Role of luck in life success

I've always believed that hard work, determination, having goals, and yes, a little bit of luck along the way (and recognizing the opportunity presents) is a part of success.
 
What about the other kids who lived next to that university?

As I said up thread, what you do with the randomness matters. Your comment makes it seem that I am attributing it all to luck, I am not.
 
success is often described as luck.

I served on Active Duty for 20 years and I got a pension. I can not tell you how many times people have told me that I am 'lucky' to have served for 20 years and gotten a pension.

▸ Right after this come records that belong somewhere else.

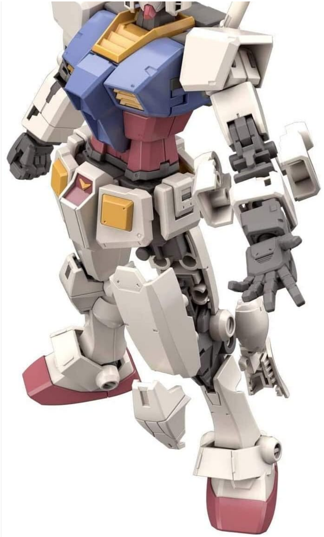
Image: A partially assembled RX-78-2 Gundam, illustrating the internal frame and how external armor pieces attach, highlighting the articulation points.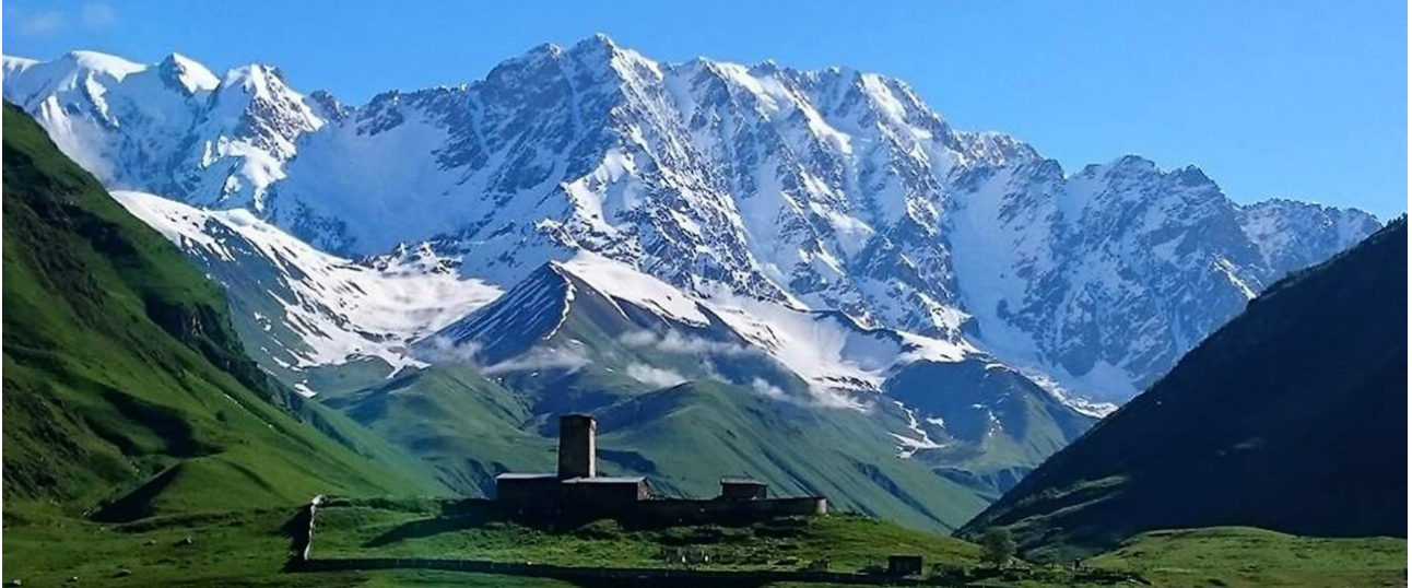
Lamaria church in Ushguli

Svaneti is one of the most beautiful and distinctive regions of Georgia. It is known for its incredible snow-capped peaks, blooming alpine meadows and picturesque settlements with famous medieval defense towers. Svaneti has a unique location with four out of the ten highest Caucasus peaks located in this region. It's where you can find the highest mountain in Georgia, Shkhara, standing at 5,203 meters altitude. It is a hiker's wonderland.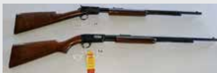
Winchester mod. 62A-61 22 cal.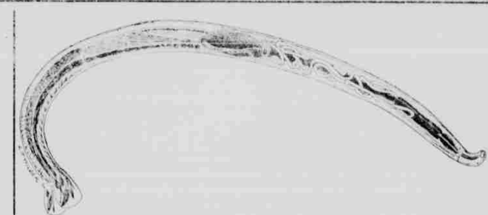
A male hookworm (known as the American murderer-because a kills so many people), very such magnified under an instrument known as a microscope. See how as head is turned backcard, and how its tail is broadened into an umbrella like organ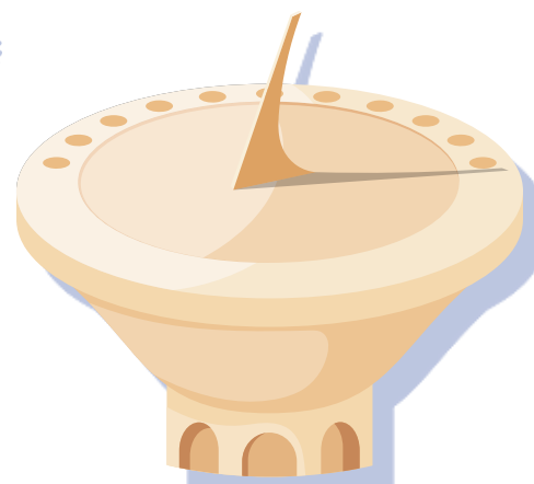
Time in the sun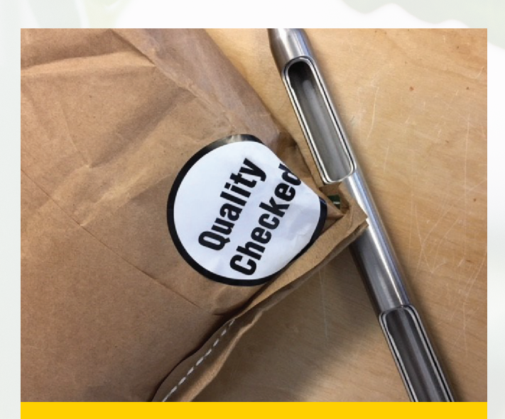
FIGURE 7. Double tube probe for many small seeded vegetables.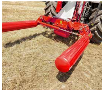
Easy and gentle self-loading of the bales – the bale is gently lifted by the rollers.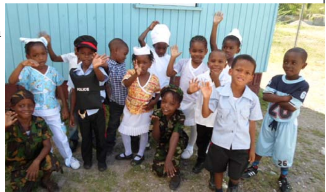
Career Day at African Martyrs of Uganda Parish Basic School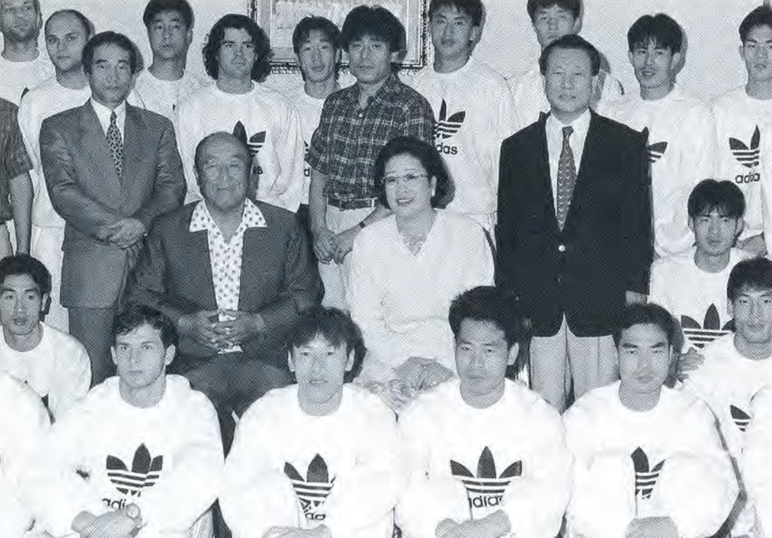
Father and Mother pose with the II Hwa soccer team on tour in Uruguay.

Small airplanes are not so expensive actually. In each country, the most beautiful and scenic areas are in the remote countryside. Therefore, if we build small landing strips in such locations and have our own privately owned resorts, people will come and visit.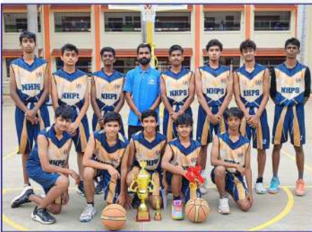
NHPS Under-16 Basketball Team

⚽️ TCL U-10 Football Tournament – Helped PEPS Sports School lift the trophy – a true team player!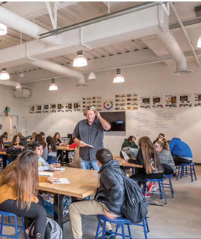
20 NEW CLASSROOMS CANYON VIEW HIGH SCHOOL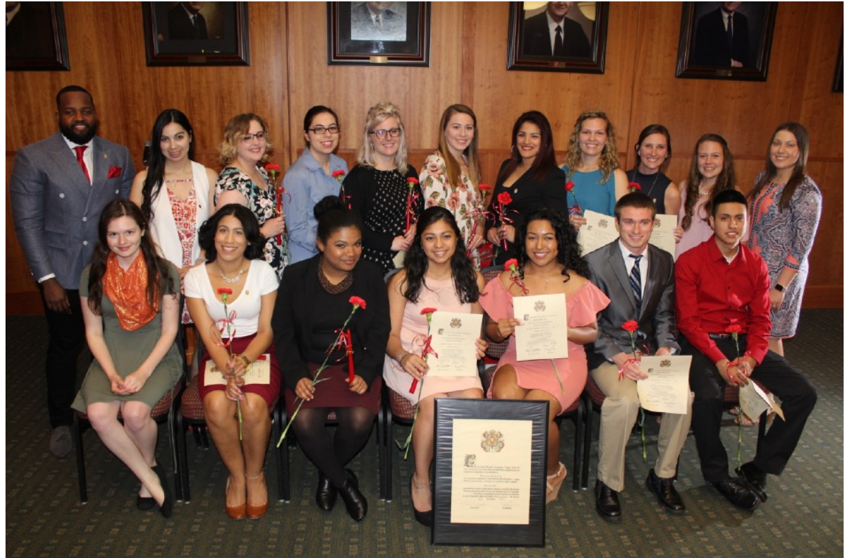
above: inductees, current officers, and former officers of Sigma Delta Pi

Spanish majors and minors were inducted into the KU chapter of Sigma Delta Pi, National Hispanic Honor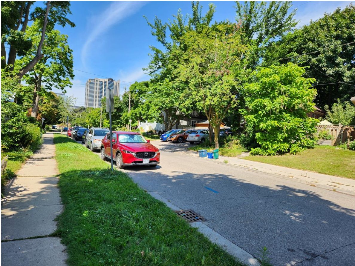
Figure 7: York Street Facing North Directly Beside Subject Property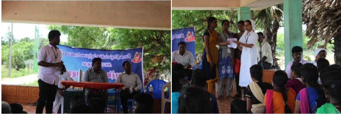
(Students at camp)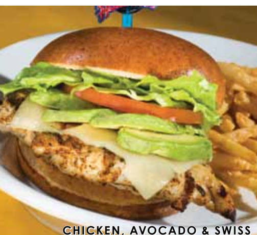
CHICKEN, AVOCADO & SWISS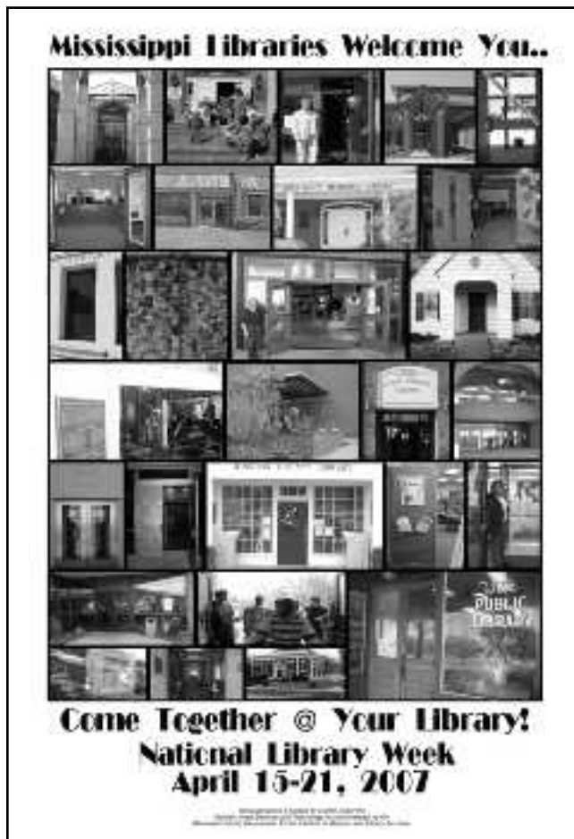
Poster for the 2007 National Library Week.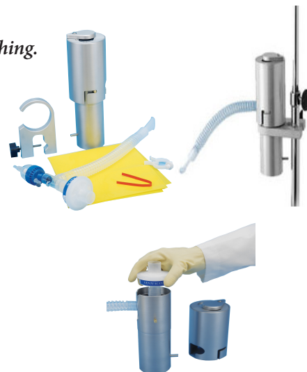
1 Insert Venti-Scan IV Kit in canister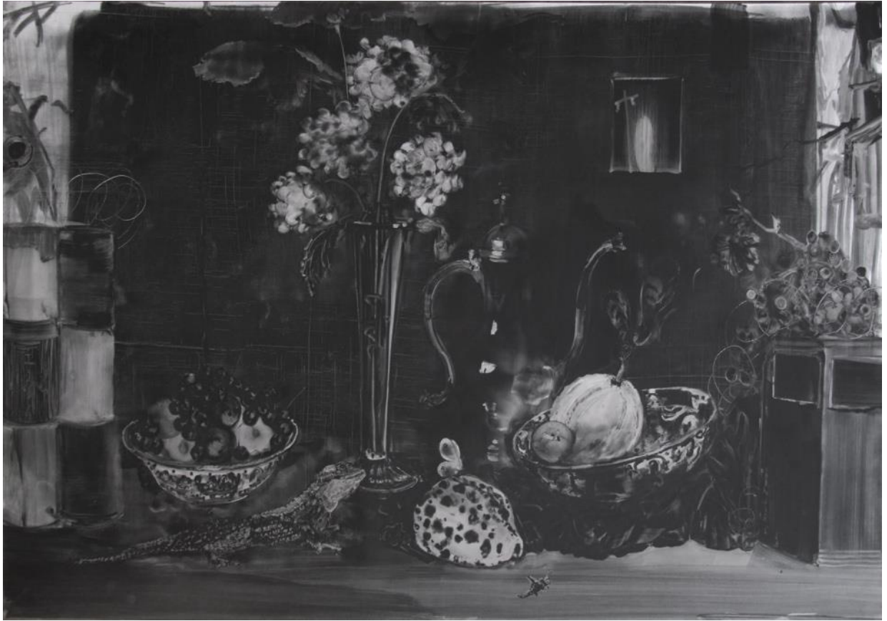
Sq.35 DMZ still life 2017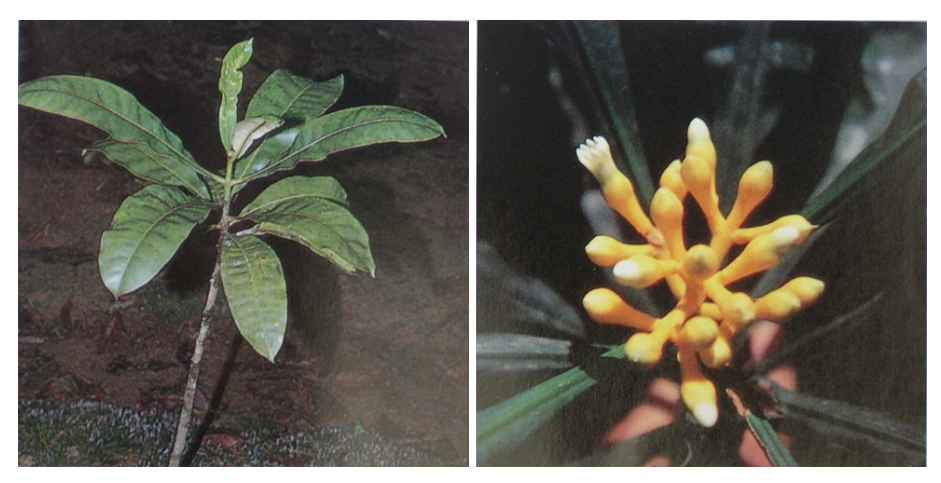
(a) Typical growth from of the snake bite (b) A cluster of flowers of the snake bite plant with leaves clustered at the top of plant. stem.

Uses: Snake bite plant is a name 'coined' by the authors due to the widespread reports in the literature of its usage in varying preparations for this purpose. The mottled patterning on the trunk of the plant suggests a Doctrine of Signatures usage (SAR). Some of the other uses of this plant are as an analgesic and to treat ophtalmia, poisoning, venomous ant stings, and the sting from the fresh-water skate (SAR). Snake bite plant is also used to treat venereal diseases (AED) and to promote the healing of cavities (RVM).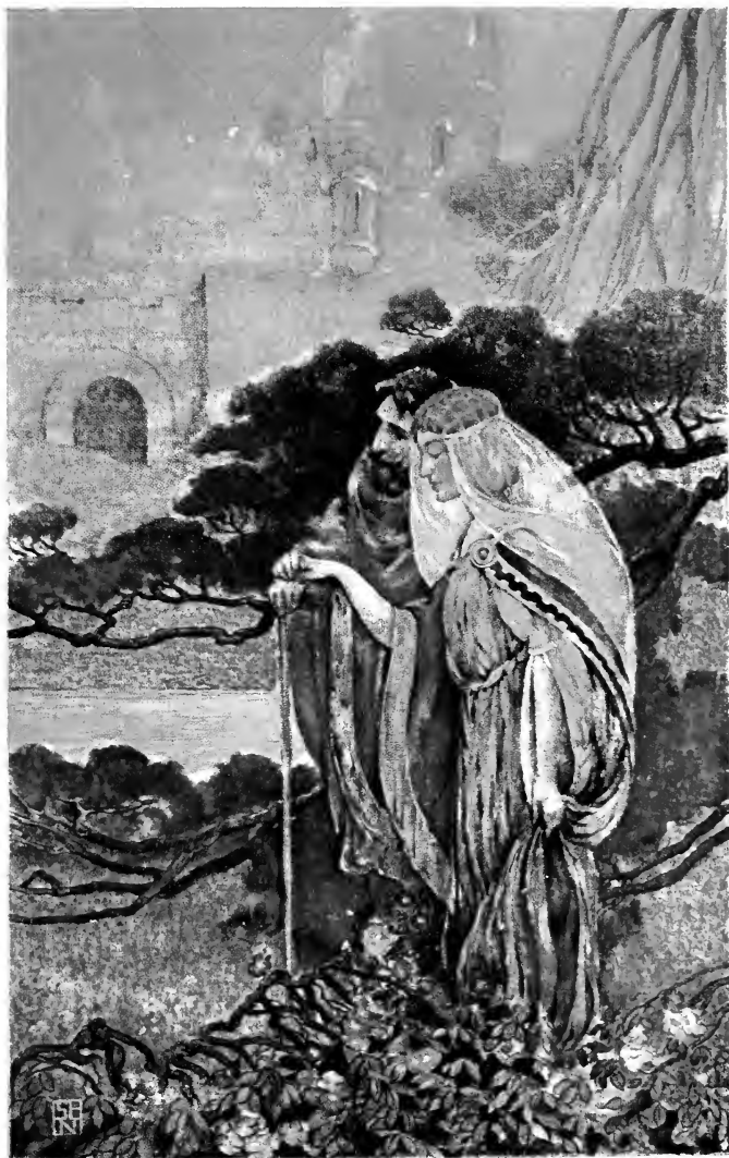
"A HAPPY BRIDEGROOM WITH THE HAPPY FIDELE" P. 100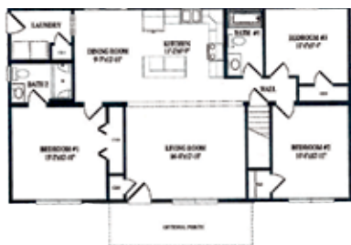
4 Cardinal Circle Hillsborough Brook Stone: 1,320 Sq. Ft 3 bedroom, 2 bath Ranch $347,000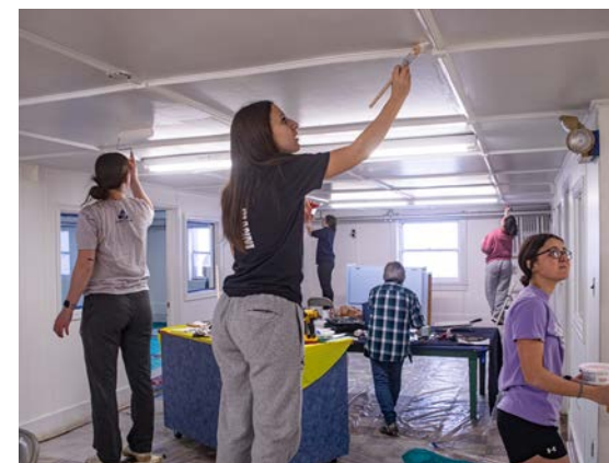
The Juniata College Women's Soccer Team and a number of board members were recently busy giving both the Art Shoppe and the classroom area a much needed paint job.

You also can renew your membership, or become a new member, online at huntingdoncountyarts.com , or at the Arts Center during our regular opening hours. We sincerely appreciate our members, and we hope to see you at an Arts Council event in the near future.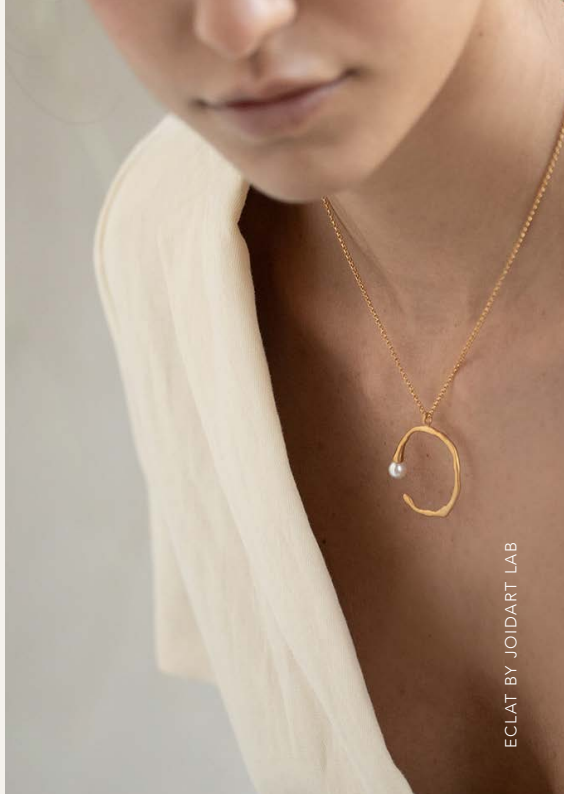
ECLAT BY JOIDART LAB

Inspired by our sea and land of internationally renowned artists, together with emerging artists and jewelers in the area, we capture the art of our Mediterranean culture and nature and transform them into minimalist, timeless design creations.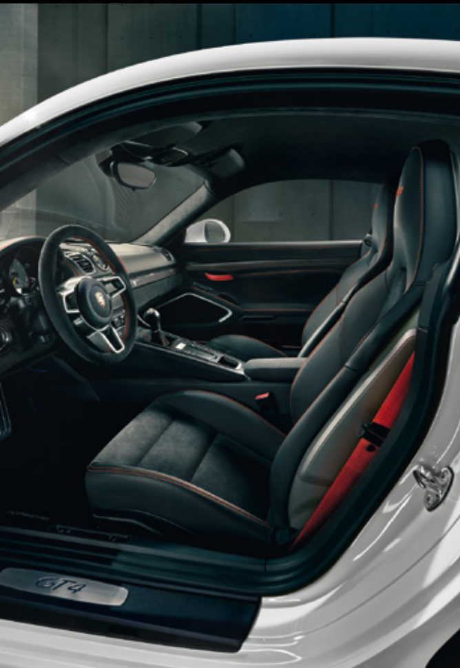
Leather interior with deviated stitching in red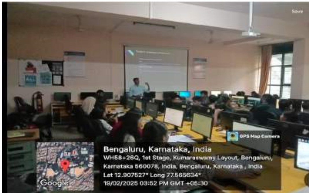
Fig 4: Students participating in the event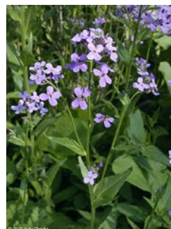
Dame's rocket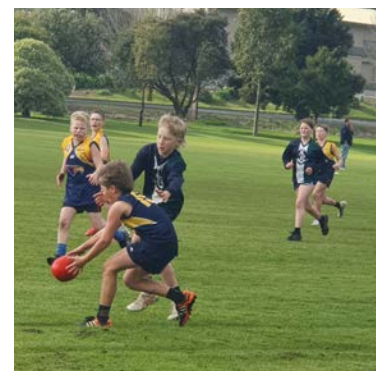
...and some further action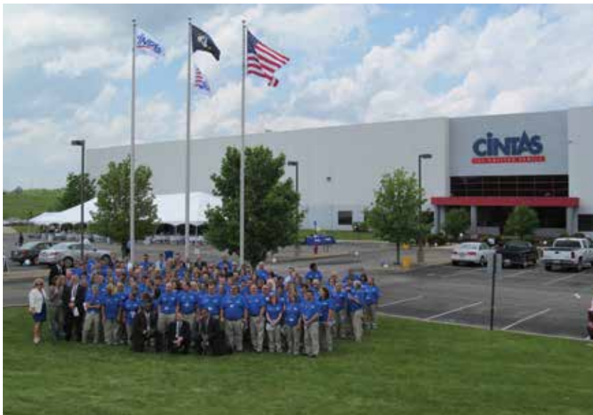
Cintas in Grayson joined the VPP program in 2013.

Thirty-five Kentucky companies received the Governor’s Safety and Health Award at the event. The award recognizes employers and employees who together achieve a required number of hours worked without experiencing a lost-time injury or illness. An additional 21 companies received the Governor’s Safety and Health Award at their facilities. Combined, the companies represent more than 8,500 employees and more than 67.5 million hours worked without a lost-time incident.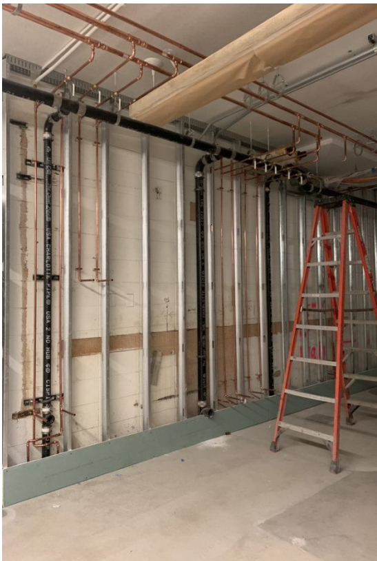
Area D - Level 1 - Kitchen Sink Wall and Overhead Plumbing Lines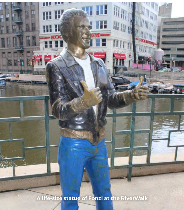
A life-size statue of Fonzi at the RiverWalk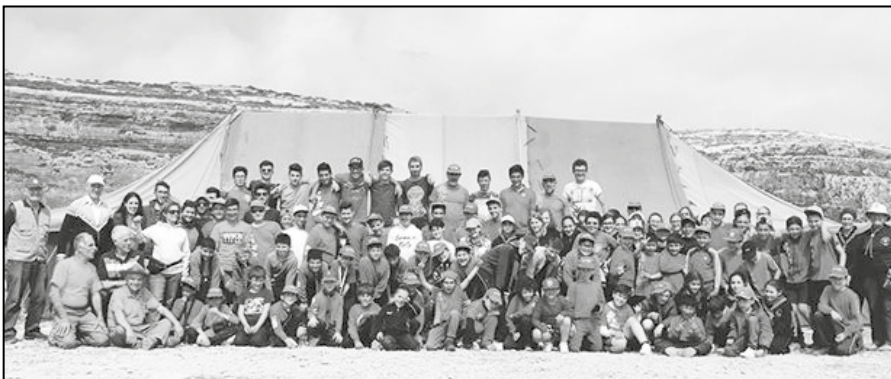
Group photo at Easter Camp 2017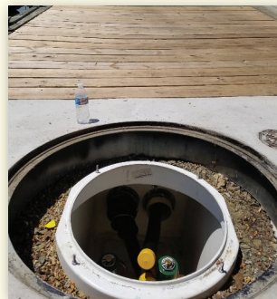
Due to DoubleTrac's Stainless Steel primary and Nylon 12 outer jacket, DoubleTrac Pipe instantly relaxes once off the reel.

When I think of my career, I am reminded of the hardships and disappointments. But to many civilians, I am compared to a lottery winner.
 
One of the stories from Outliers is about Bill Gates. As a teenager he had written more code than almost anybody in the country at that time. Why? His parents happened to live next to one of the few universities that had a computer and he got a job there. Yes HE coded till his hands hurt I am sure, but would the opportunity even existed had his parents chose to live somewhere else? Lots of stories like these in Outliers and you begin to see how randomness plays a role.

Didn't he rather lie to Altair to get $16,000 from them to start Microsoft or something?
 
As I said up thread, what you do with the randomness matters. Your comment makes it seem that I am attributing it all to luck, I am not.

No no! Just the opposite! I'm saying that the other kids lived next to the same university and while Bill was working his butt off they were out playing baseball, dating, watching TV or whatever.

My comment up thread was "Life isn't fair. Your job is to go where it isn't fair in your favor"
 
My gut feeling is about 95% of what you get out of life is due to choice. About 5% is good or bad luck.

As for wishing on luck, be careful what you wish for. Think of all the lottery winners that ended up having a tragic life afterwards.

Even the lottery winner (or loser) made the choice to purchase the ticket. So, the result was not pure luck.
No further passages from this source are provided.